Author: Divakar Mariyanna, Cloud Systems and Solutions Engineer, Intel
In the rapidly evolving world of artificial intelligence (AI), the parallel processing capabilities of graphics processing units (GPUs) are essential in training and deploying large language models (LLMs). However, today’s AI workloads are not purely offloaded to GPU accelerators. Host central processing units (CPUs) such as the Intel® Xeon® 6 processor with Performance Cores (P-cores) play a significant role in maximizing the performance of AI-accelerated systems.
Host CPUs are essential for overall system management.

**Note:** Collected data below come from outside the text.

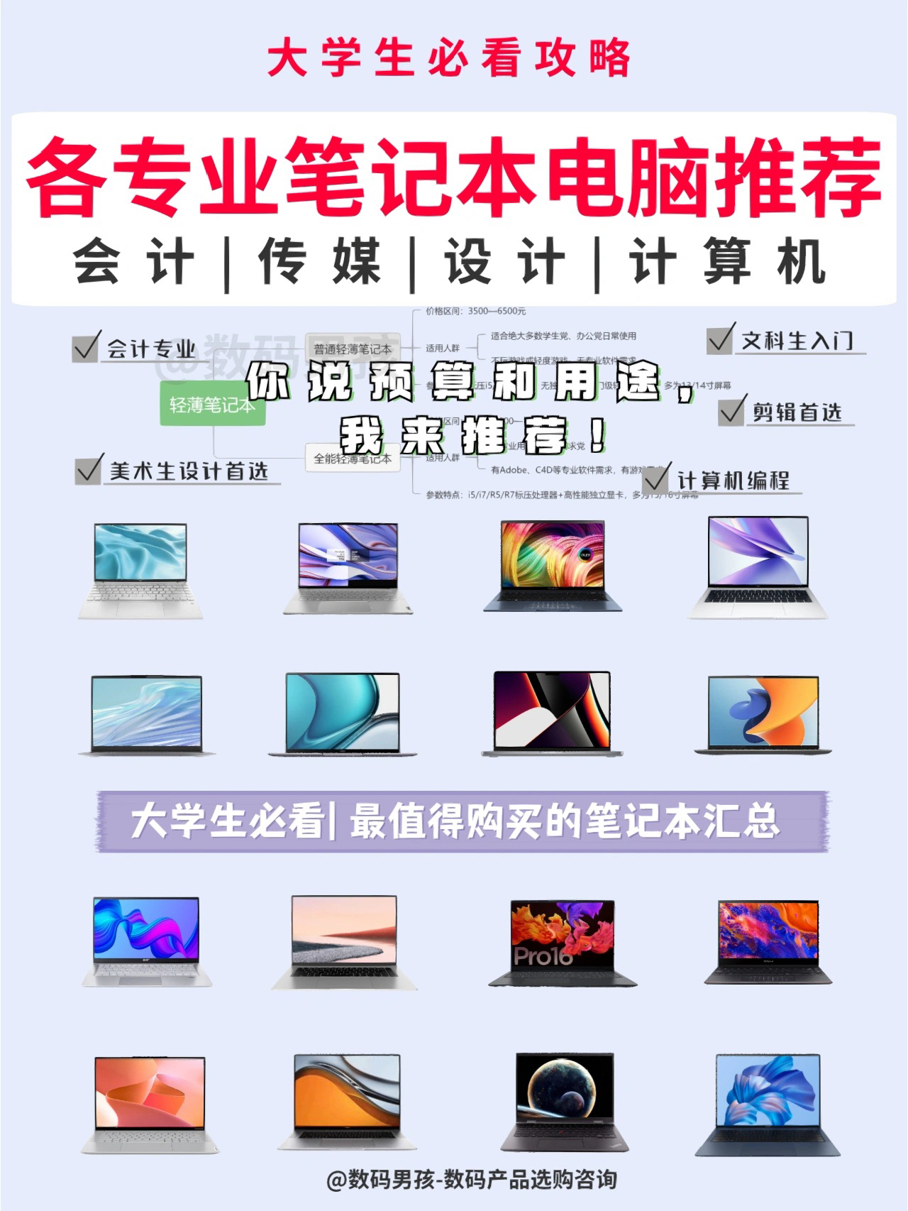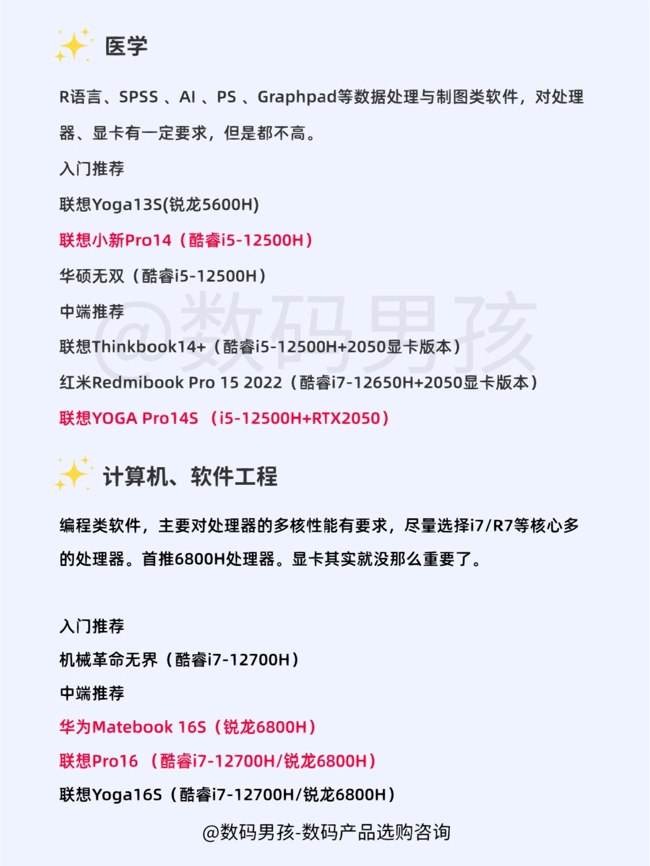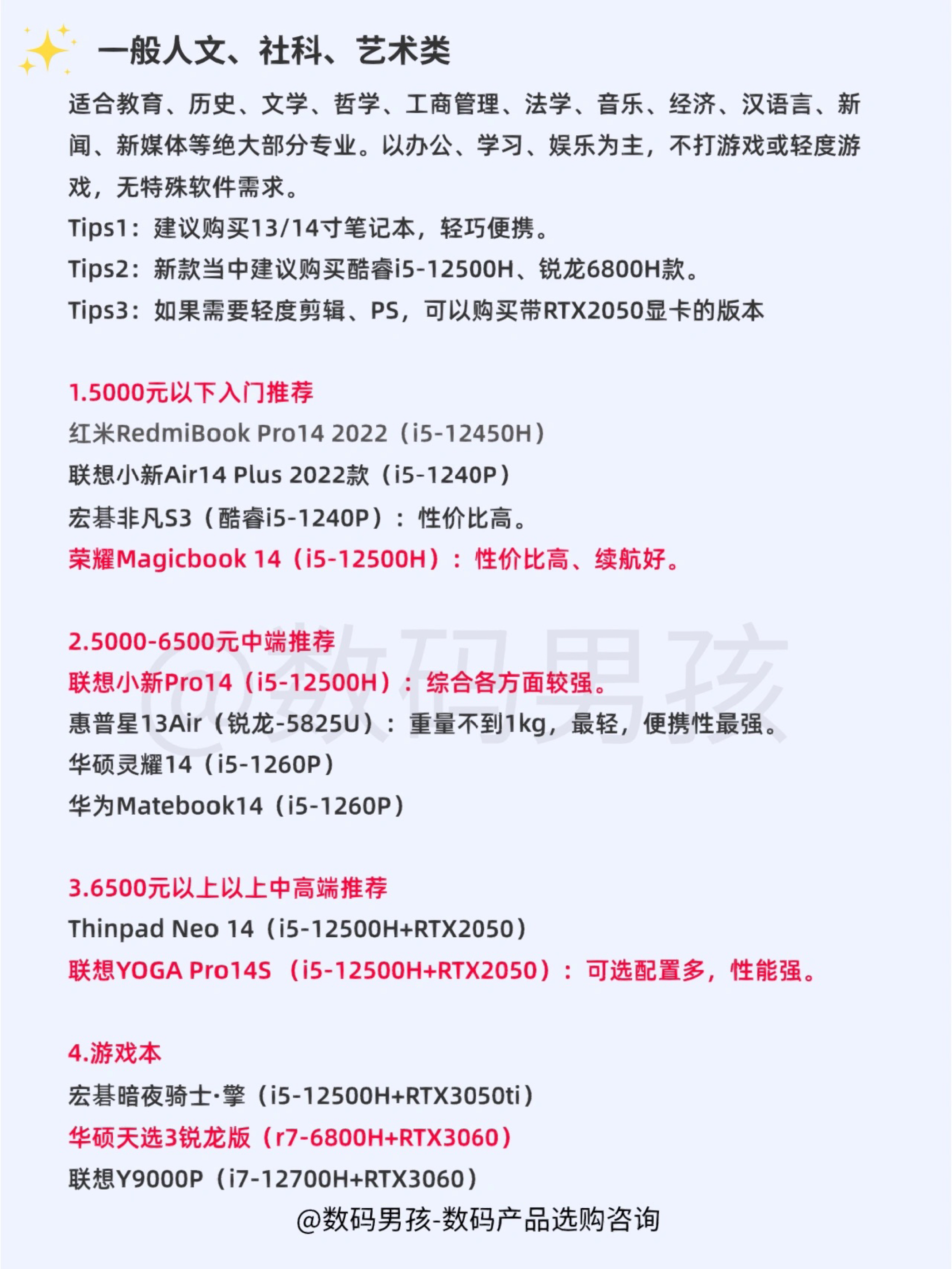 大家好,还是有不少学生党来问我笔记本怎么选?今天再给大家汇总一下各专业的笔记本选购需求! 普通大学专业 适合教育、历史、文学、哲学、工商管理、法学、音乐、经济、汉语言、新闻、新媒体等绝大部分专业。以办公、学习、娱乐为主,不打游戏或轻度游戏,无特殊软件需求。 Tips1:建议购买13/14寸笔记本,轻巧便携。 Tips2:新款当中建议购买酷睿i5-12500H、锐龙6800H款。 Tips3:如果需...
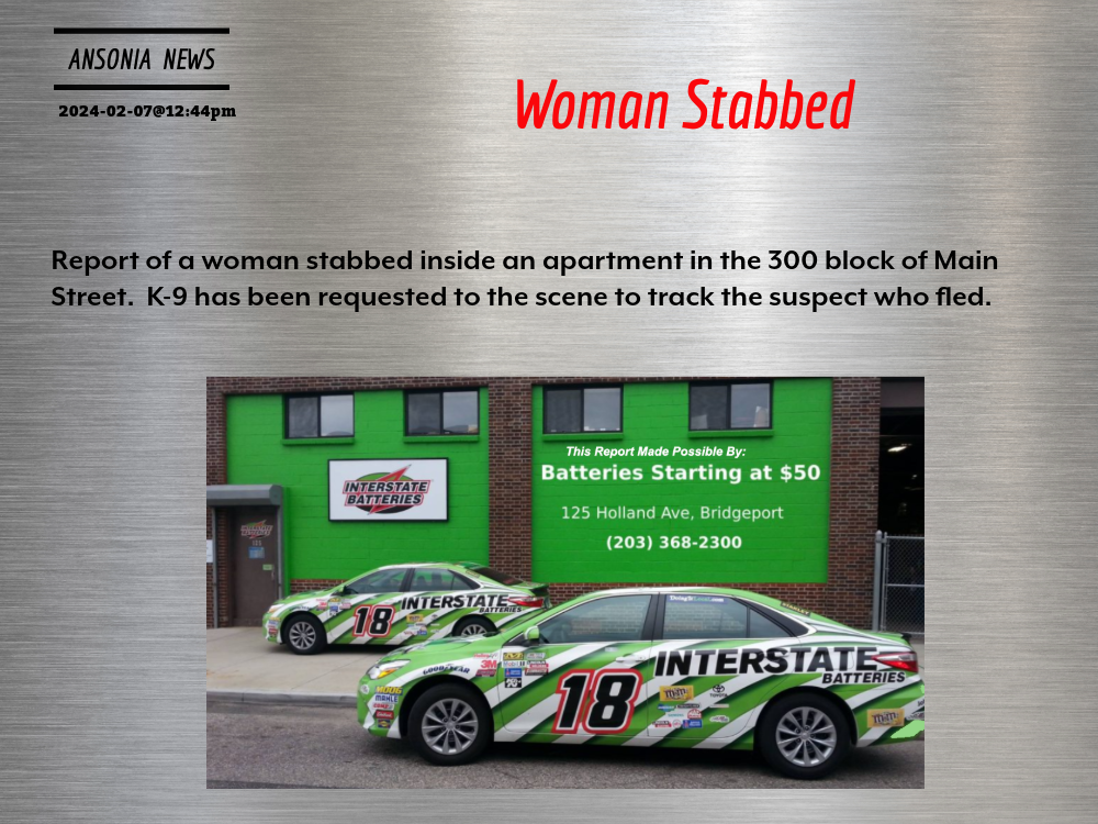 2024-02-07@12:44pm–#Ansonia CT– Report of a woman stabbed inside an apartment in the 300 block of Main Street.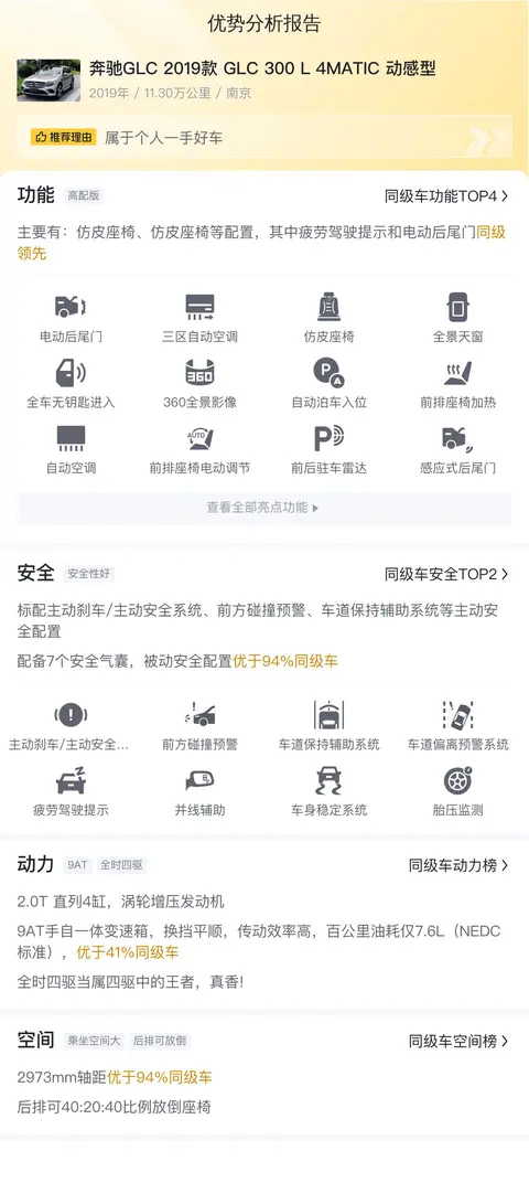 据估算,同级车的最低用车成本是6506元/年,最高是18790元/年,奔驰GLC 2019款 GLC 300 L 4MATIC 动感型是15778元/年,不算低,但也算正常水准。

As the system's control center, host CPUs orchestrate tasks or agents across GPUs by preprocessing data for training models, transmitting data to the GPU for parallel processing, managing checkpointing to system memory, and processing mixed workloads running on the same infrastructure. As the most deployed host processors in the market for AI accelerator platforms, Intel Xeon processors are the host CPUs of choice for the world’s most powerful AI systems.(1)
Comparative Analysis with AMD EPYC Host CPUs
In a comparative analysis of Intel Xeon 8592V with AMD EPYC 9575F host CPUs, the Intel Xeon host processor delivered on-par performance in latency-constrained throughput compared to the AMD EPYC processor-hosted system. As agentic AI workloads call for stricter performance requirements on serving LLMs, host CPUs can balance latency-constrained throughput (or goodput) and latency performance. The higher the goodput for time-to-first-token (TTFT), the better the performance and responsiveness of the AI system.
We tested latency-constrained inference serving performance on an 8x GPU system with a 2-socket CPU, using the virtual LLM (vLLM) inference runtime to serve Llama-3.3-70B in a TP8 configuration. With the Intel Xeon 8592V as host node using the v0.9.1 June 2025 release of vLLM V1 engine, the request-rate was set to 512, and throughput was plotted against TTFT constraints (50ms, 100ms, 200ms, 300ms, 400ms, 500ms, and 600ms). In Figure 1 below, we graphed our results against AMD’s analysis of the AMD EPYC 9575F host CPU.
Figure 1: Latency-constrained throughput versus TTFT latency constraint. AMD EPYC 9575F figures are based on AMD Analysis.
The Intel Xeon 8592V host node met all service level objective (SLO) TTFT limitations, starting as low as a 50ms constraint. The Intel Xeon 8592V host node can enable GPUs to perform at greater stringent constraints. In addition, the Intel Xeon 8592V based host node scales up to 2000+ tokens/second at the 200ms constraint and stabilizes at 2500+ tokens/second at constraint of 300ms and beyond. The Intel Xeon 8592V platform shows solid performance benefits when used as a host CPU for a GPU system.
In reviewing a similar comparison analysis conducted by AMD using the Intel Xeon 8592+, we were unable to replicate numbers published on vLLM goodput performance. The vLLM V1 engine has multiple GitHub releases (0.8.0 to 0.9.2) and it is not clear which vLLM V1 release was used. AMD blog also has a reference to MAX_NUM_REQS parameter, as the vLLM benchmarking script doesn’t recognize this parameter, any reference to rate control is unclear. In addition, AMD did not publish goodput numbers under 300ms.
Choosing the Right Host CPU Based on Performance
Choosing the right host CPU can help alleviate bottlenecks and increase work time for training and inference workloads. Host CPUs for GPU-accelerated systems need to perform efficiently with high throughput and low latency to ensure that the entire GPU-accelerated system operates in a balanced and optimal way, unlocking greater GPU performance and driving better cost-effectiveness.
Look for the following performance features when selecting a host CPU:
- High memory capacity and bandwidth: A 2 DIMMs per channel (2DPC) configuration can support CPU memory capacities beyond 4.6 TB, up to 8 TB per system, perfect for training large models. 2DPC on Intel Xeon 6 processors delivers up to 18% higher memory speeds and bandwidth compared to the latest AMD EPYC processor.(2)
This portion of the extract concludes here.